▸ **EXERCISE BRIEF**
Everything below from the line with "O Château de" through the line with "Rocío Barrera, candidata" must be retyped exactly, except the pictures.

▸ **INPUT**
----------------

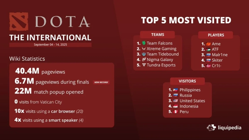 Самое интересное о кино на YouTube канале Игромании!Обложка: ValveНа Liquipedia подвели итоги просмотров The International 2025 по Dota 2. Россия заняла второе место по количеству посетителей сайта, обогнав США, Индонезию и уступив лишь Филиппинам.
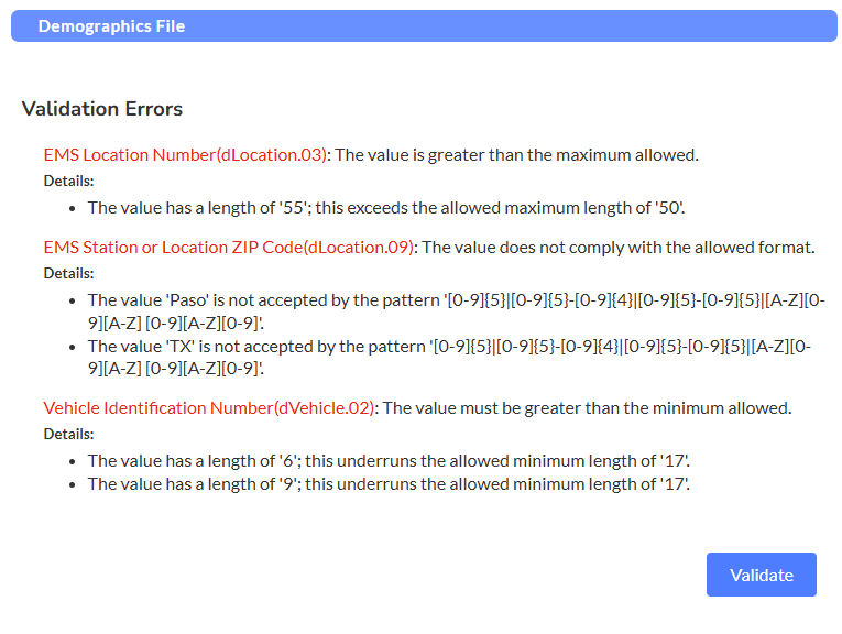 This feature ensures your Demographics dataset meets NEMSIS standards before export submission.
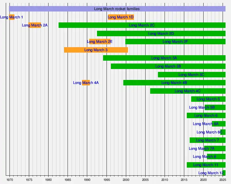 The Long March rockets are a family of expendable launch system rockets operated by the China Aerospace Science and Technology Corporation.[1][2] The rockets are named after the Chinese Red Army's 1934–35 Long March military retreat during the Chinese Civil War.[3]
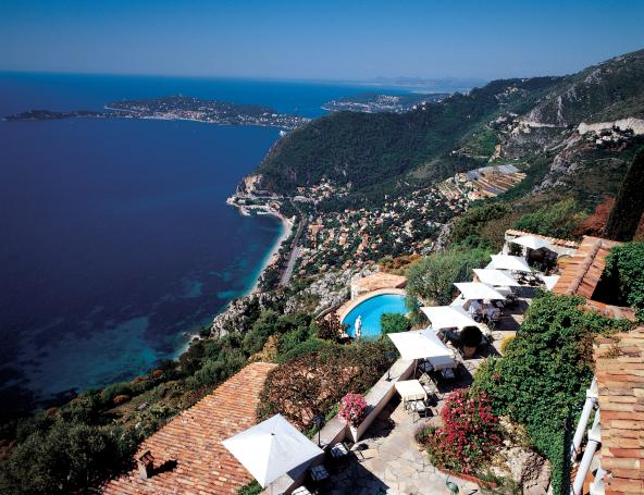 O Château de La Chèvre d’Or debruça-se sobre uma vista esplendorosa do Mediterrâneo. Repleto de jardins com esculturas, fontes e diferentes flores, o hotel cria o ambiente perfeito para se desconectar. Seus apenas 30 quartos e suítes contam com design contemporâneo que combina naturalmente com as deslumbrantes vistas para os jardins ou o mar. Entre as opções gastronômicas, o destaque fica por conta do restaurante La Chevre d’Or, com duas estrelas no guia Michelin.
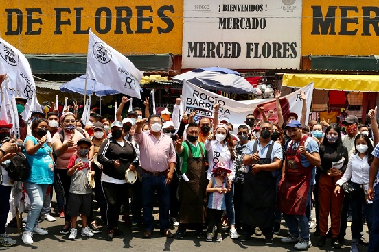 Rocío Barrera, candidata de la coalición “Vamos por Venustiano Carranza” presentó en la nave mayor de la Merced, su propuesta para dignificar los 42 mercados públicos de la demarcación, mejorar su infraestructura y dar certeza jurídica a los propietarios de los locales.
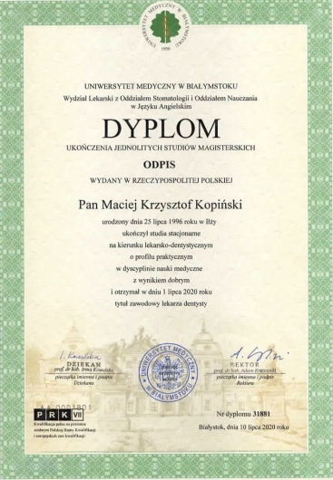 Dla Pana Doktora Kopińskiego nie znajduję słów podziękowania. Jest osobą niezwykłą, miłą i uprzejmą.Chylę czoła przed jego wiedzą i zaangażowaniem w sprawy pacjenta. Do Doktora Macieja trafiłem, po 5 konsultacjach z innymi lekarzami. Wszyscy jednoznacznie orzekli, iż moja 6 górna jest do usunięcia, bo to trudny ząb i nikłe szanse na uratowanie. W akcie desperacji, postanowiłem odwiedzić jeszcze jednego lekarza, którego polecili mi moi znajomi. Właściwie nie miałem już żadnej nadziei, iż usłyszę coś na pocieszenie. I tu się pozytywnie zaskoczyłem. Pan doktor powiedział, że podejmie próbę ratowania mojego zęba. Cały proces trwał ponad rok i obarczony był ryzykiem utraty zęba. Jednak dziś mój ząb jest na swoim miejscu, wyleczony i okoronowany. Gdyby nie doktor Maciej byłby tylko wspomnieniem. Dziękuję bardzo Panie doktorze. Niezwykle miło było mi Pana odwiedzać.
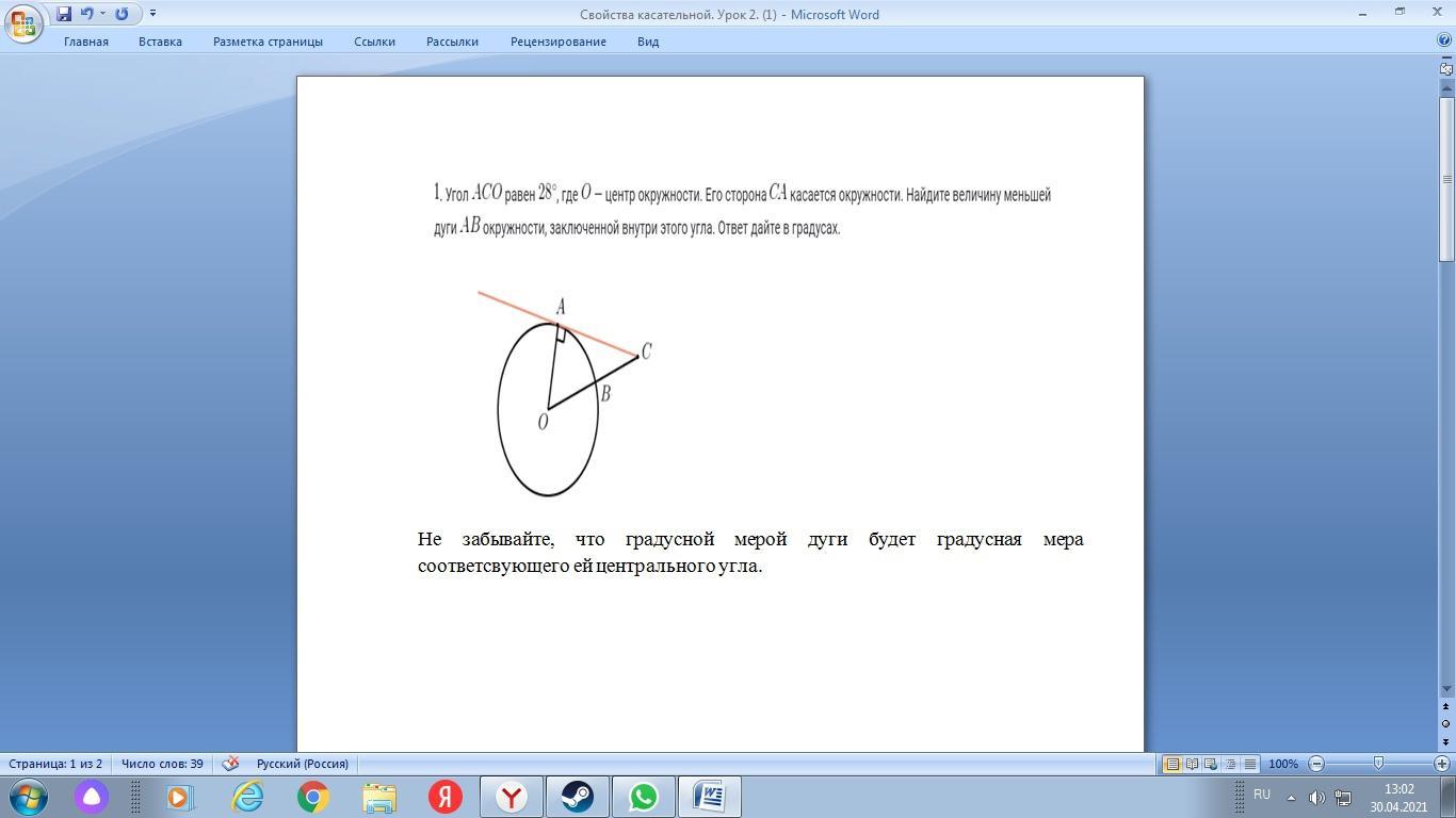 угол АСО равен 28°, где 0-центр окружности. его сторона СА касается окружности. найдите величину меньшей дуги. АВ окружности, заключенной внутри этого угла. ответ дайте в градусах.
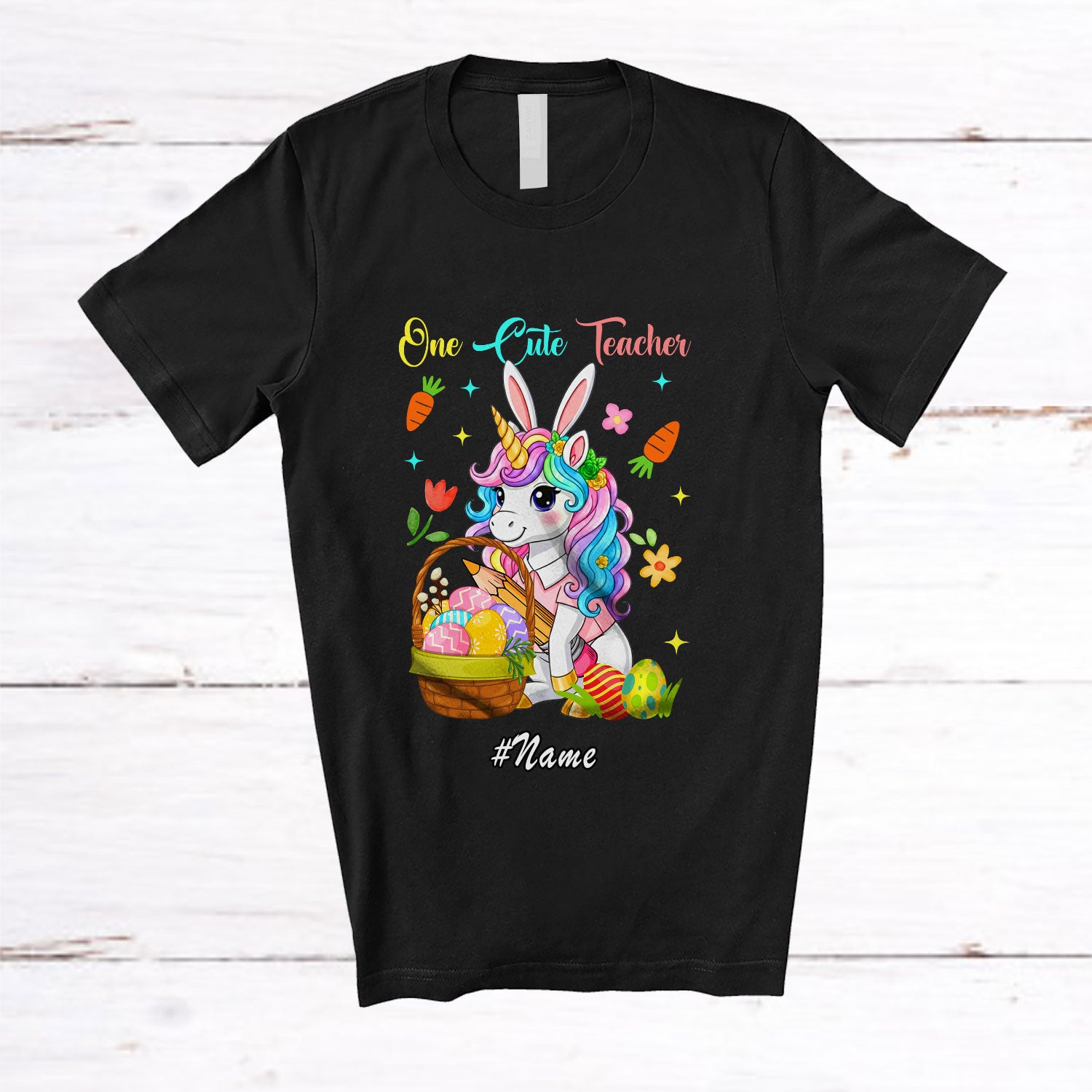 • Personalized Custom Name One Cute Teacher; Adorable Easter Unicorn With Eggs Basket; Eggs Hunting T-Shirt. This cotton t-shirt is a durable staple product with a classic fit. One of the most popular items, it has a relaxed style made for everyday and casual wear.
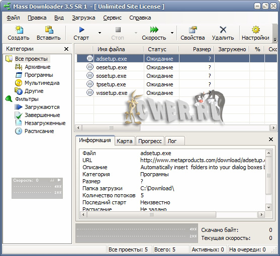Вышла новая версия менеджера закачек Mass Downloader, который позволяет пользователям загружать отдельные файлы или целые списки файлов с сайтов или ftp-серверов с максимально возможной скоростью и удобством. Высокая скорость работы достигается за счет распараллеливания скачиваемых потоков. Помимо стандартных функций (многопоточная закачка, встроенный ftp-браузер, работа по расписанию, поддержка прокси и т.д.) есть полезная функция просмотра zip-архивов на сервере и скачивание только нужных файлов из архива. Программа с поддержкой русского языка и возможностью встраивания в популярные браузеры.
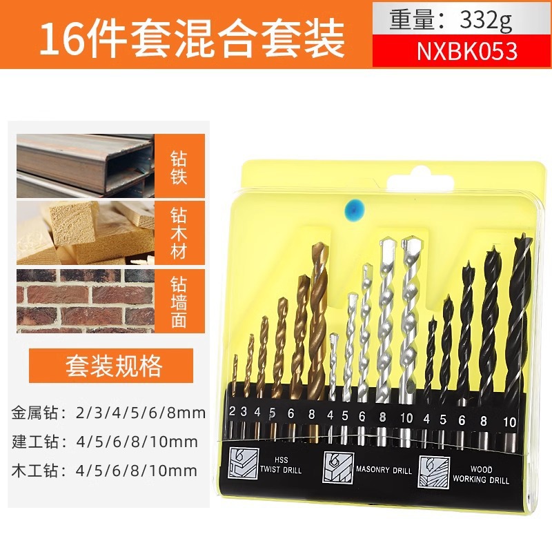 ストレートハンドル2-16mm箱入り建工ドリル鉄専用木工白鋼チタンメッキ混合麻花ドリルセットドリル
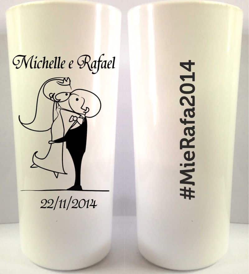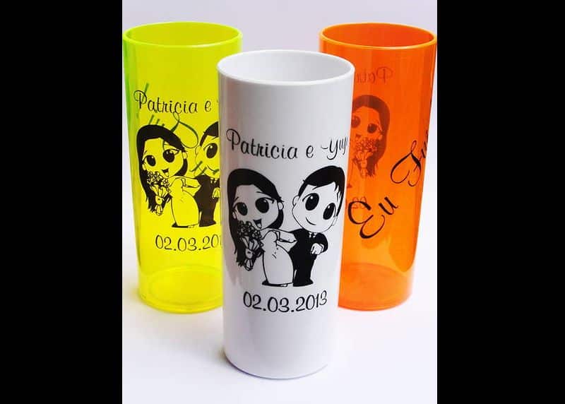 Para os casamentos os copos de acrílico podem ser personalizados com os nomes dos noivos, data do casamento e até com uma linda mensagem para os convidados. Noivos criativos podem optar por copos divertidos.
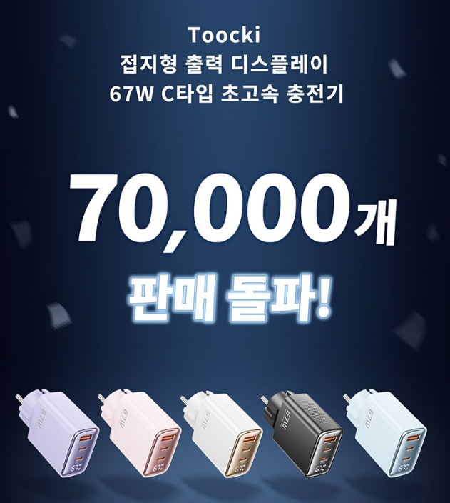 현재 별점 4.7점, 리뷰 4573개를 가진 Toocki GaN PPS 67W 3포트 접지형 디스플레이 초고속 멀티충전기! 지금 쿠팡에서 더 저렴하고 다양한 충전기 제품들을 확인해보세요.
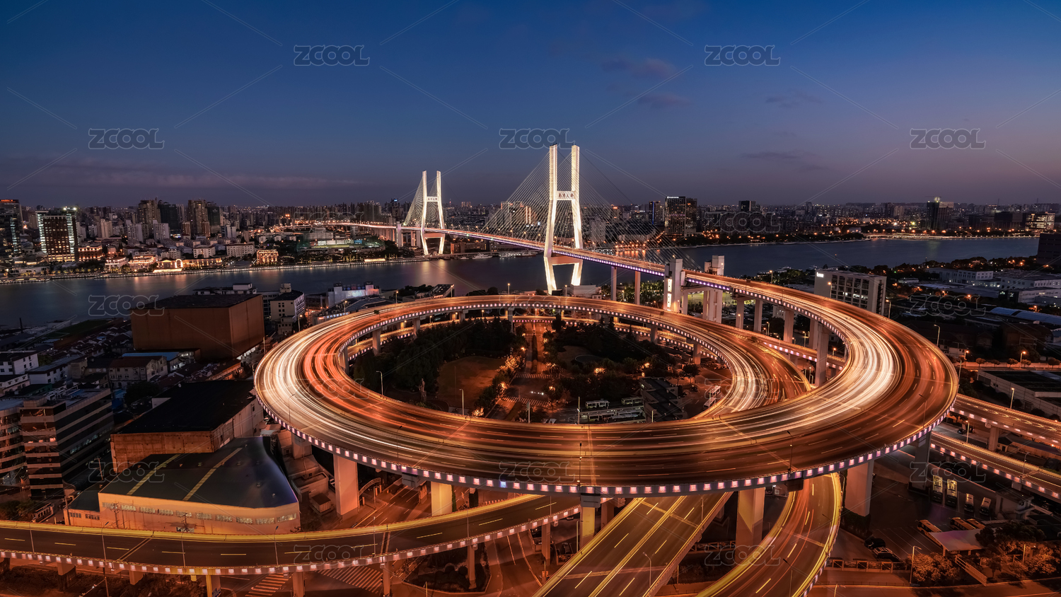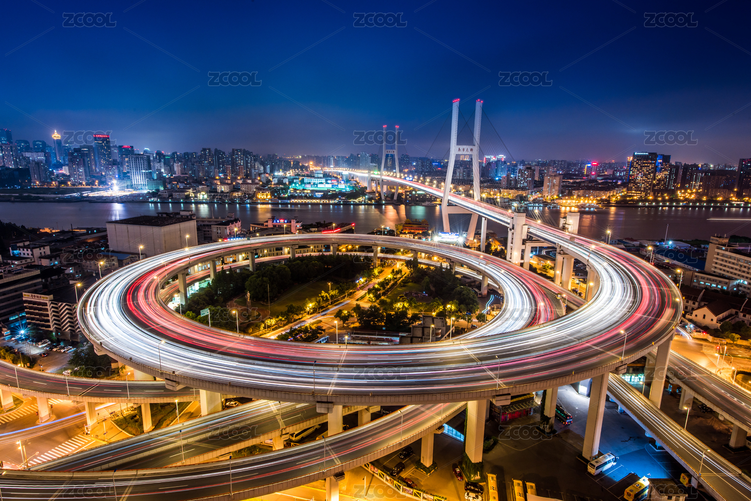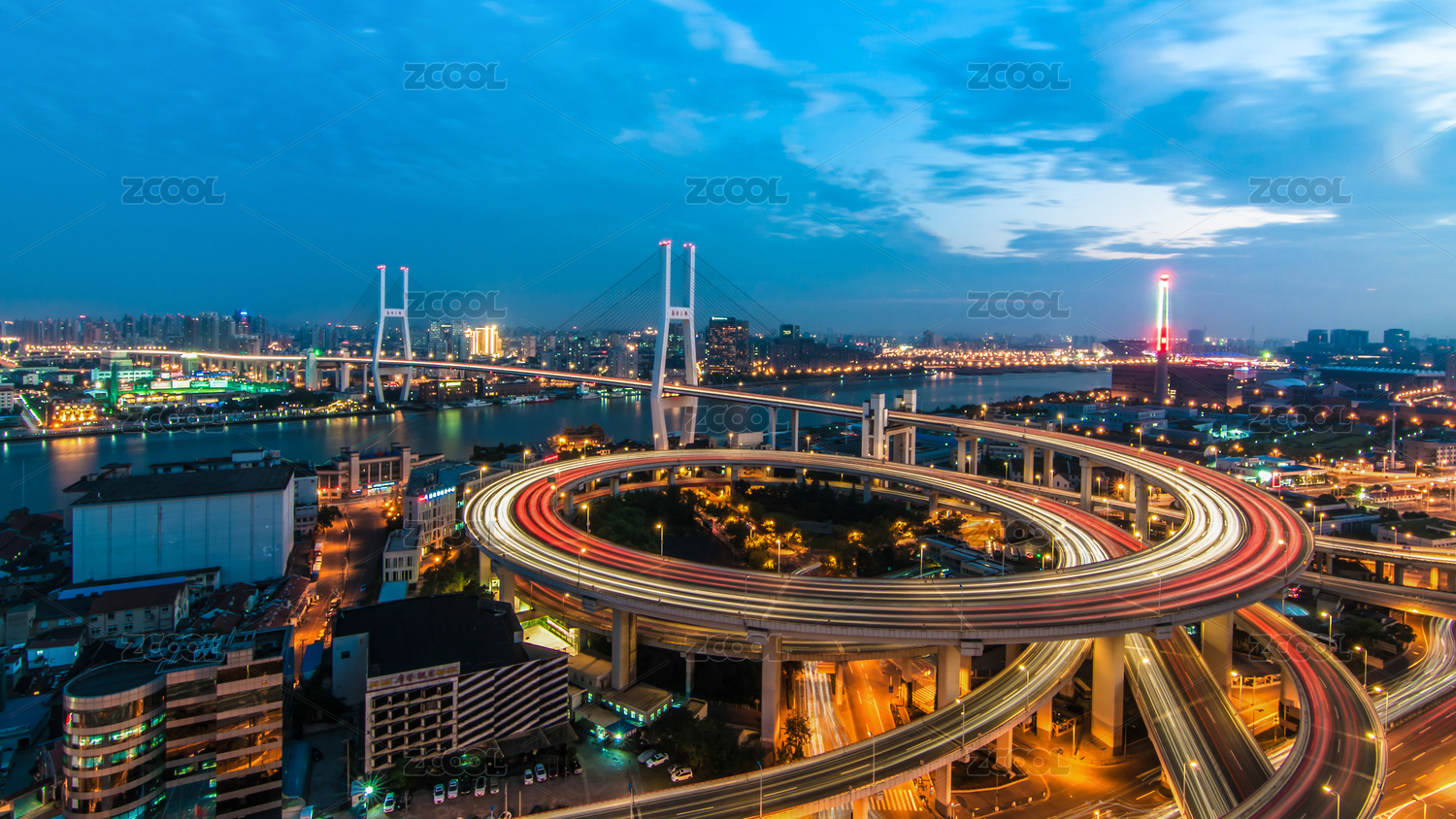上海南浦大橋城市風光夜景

----------------

▸ **EXERCISE RESULT**
 O Château de La Chèvre d’Or debruça-se sobre uma vista esplendorosa do Mediterrâneo. Repleto de jardins com esculturas, fontes e diferentes flores, o hotel cria o ambiente perfeito para se desconectar. Seus apenas 30 quartos e suítes contam com design contemporâneo que combina naturalmente com as deslumbrantes vistas para os jardins ou o mar. Entre as opções gastronômicas, o destaque fica por conta do restaurante La Chevre d’Or, com duas estrelas no guia Michelin.
 Rocío Barrera, candidata de la coalición “Vamos por Venustiano Carranza” presentó en la nave mayor de la Merced, su propuesta para dignificar los 42 mercados públicos de la demarcación, mejorar su infraestructura y dar certeza jurídica a los propietarios de los locales.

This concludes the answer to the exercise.